**Task brief**. Copy exactly the stretch of lines from the one holding "더블 레이어 코트 랙" through the last line of the data below, inclusive. Leave out pictures.

**Dataset extract**.

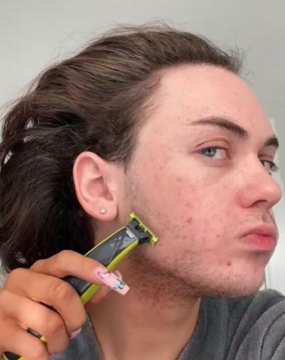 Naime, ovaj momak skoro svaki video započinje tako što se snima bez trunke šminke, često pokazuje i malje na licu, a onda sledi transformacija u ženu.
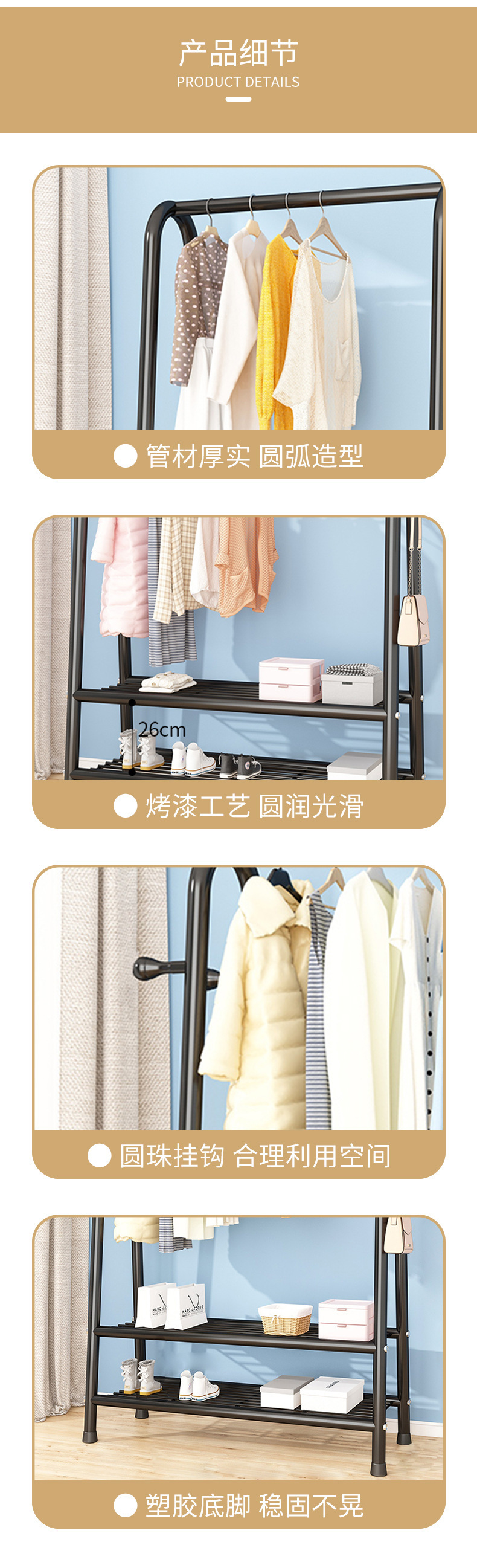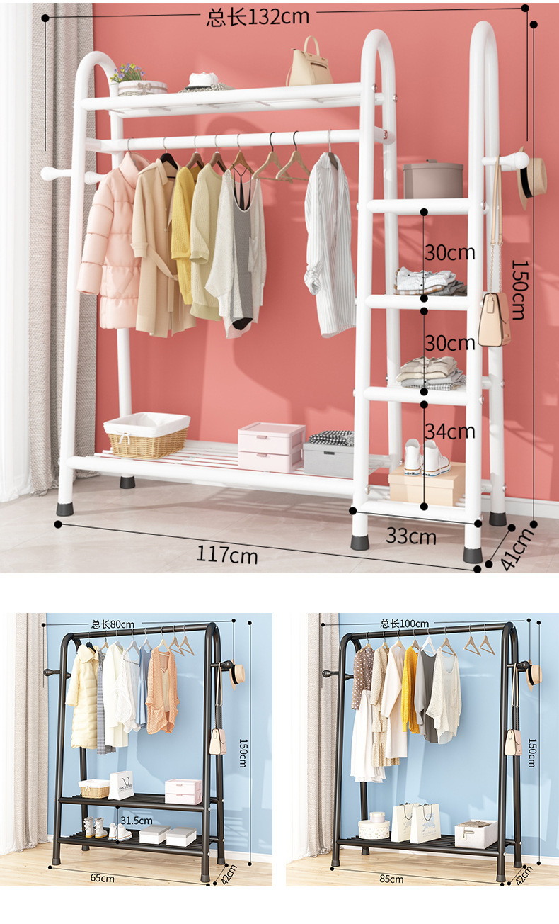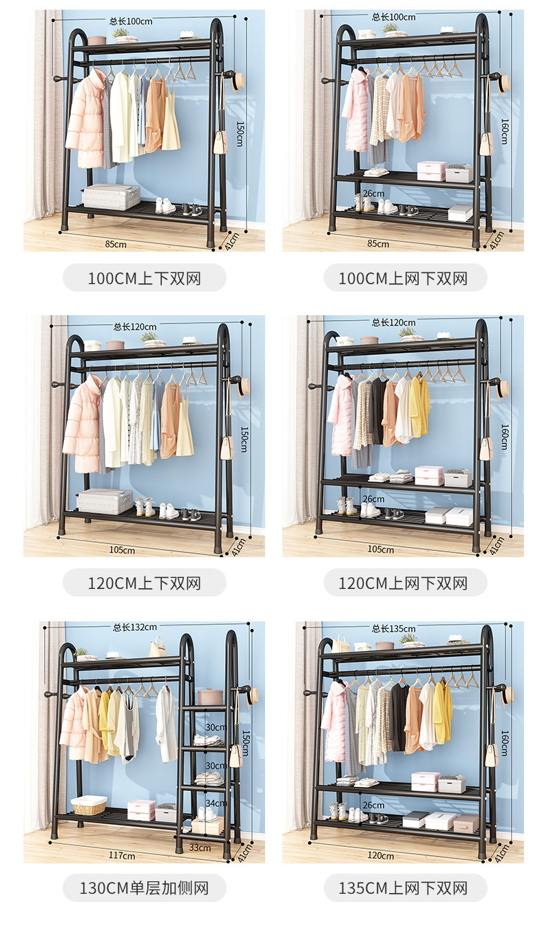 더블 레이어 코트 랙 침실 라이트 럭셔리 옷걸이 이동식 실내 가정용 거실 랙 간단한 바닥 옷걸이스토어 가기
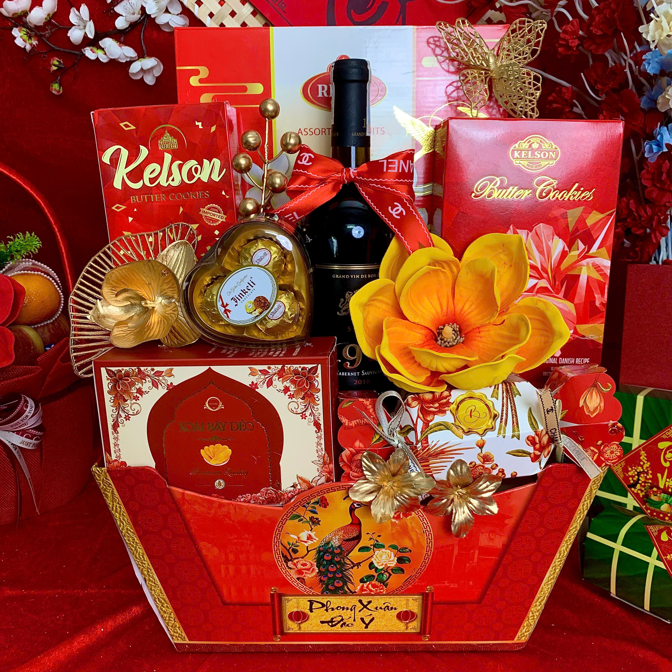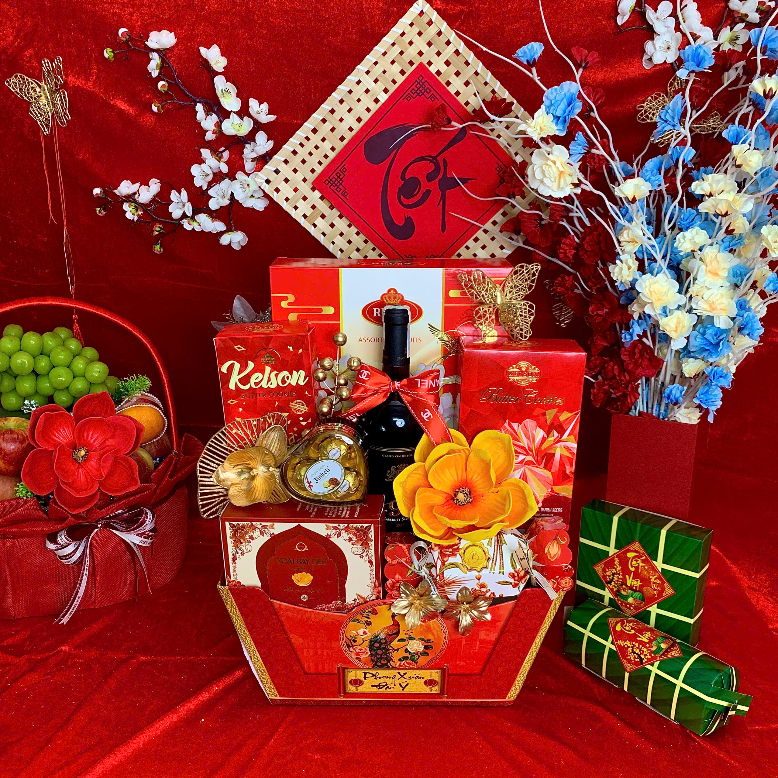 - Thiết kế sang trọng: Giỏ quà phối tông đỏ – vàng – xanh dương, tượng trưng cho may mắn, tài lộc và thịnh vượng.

**Answer to this problem**.
 더블 레이어 코트 랙 침실 라이트 럭셔리 옷걸이 이동식 실내 가정용 거실 랙 간단한 바닥 옷걸이스토어 가기
 - Thiết kế sang trọng: Giỏ quà phối tông đỏ – vàng – xanh dương, tượng trưng cho may mắn, tài lộc và thịnh vượng.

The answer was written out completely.